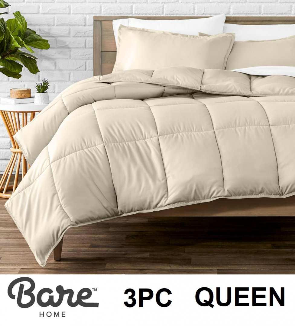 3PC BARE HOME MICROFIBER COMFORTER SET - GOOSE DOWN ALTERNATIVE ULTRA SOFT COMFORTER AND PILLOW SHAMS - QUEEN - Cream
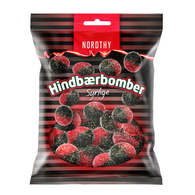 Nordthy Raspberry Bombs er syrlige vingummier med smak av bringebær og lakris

****************

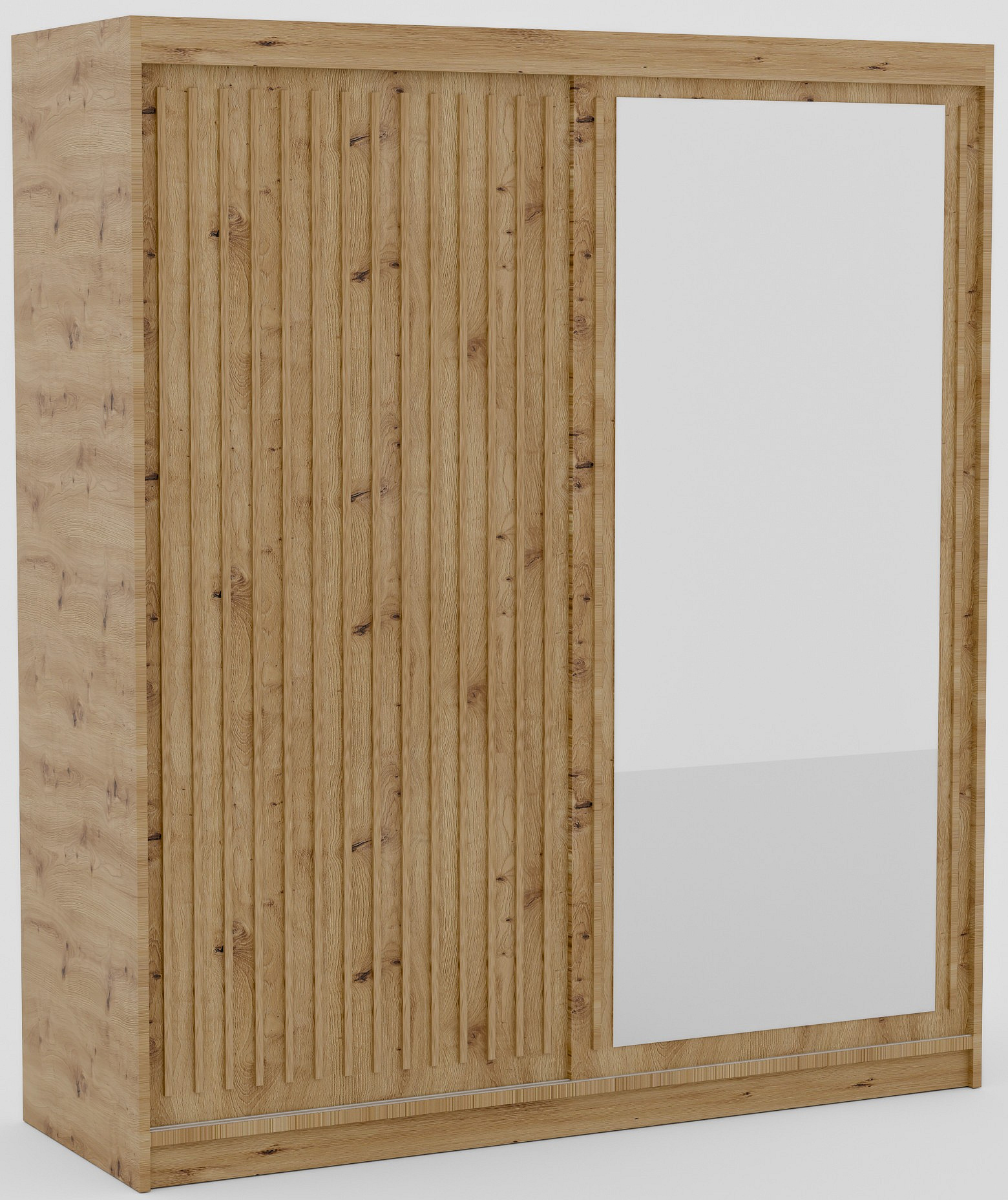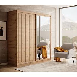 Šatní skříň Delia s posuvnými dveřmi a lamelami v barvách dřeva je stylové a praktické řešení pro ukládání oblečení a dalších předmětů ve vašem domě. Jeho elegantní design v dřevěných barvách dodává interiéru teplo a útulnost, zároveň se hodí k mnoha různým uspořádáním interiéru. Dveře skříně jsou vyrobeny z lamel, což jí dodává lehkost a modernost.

****************

■ What is required:
Would you restate, exactly and with no pictures, the lines of the entries above from the one containing "3PC BARE HOME" through the one containing "Nordthy Raspberry Bombs"?

■ Reply:
 3PC BARE HOME MICROFIBER COMFORTER SET - GOOSE DOWN ALTERNATIVE ULTRA SOFT COMFORTER AND PILLOW SHAMS - QUEEN - Cream
 Nordthy Raspberry Bombs er syrlige vingummier med smak av bringebær og lakris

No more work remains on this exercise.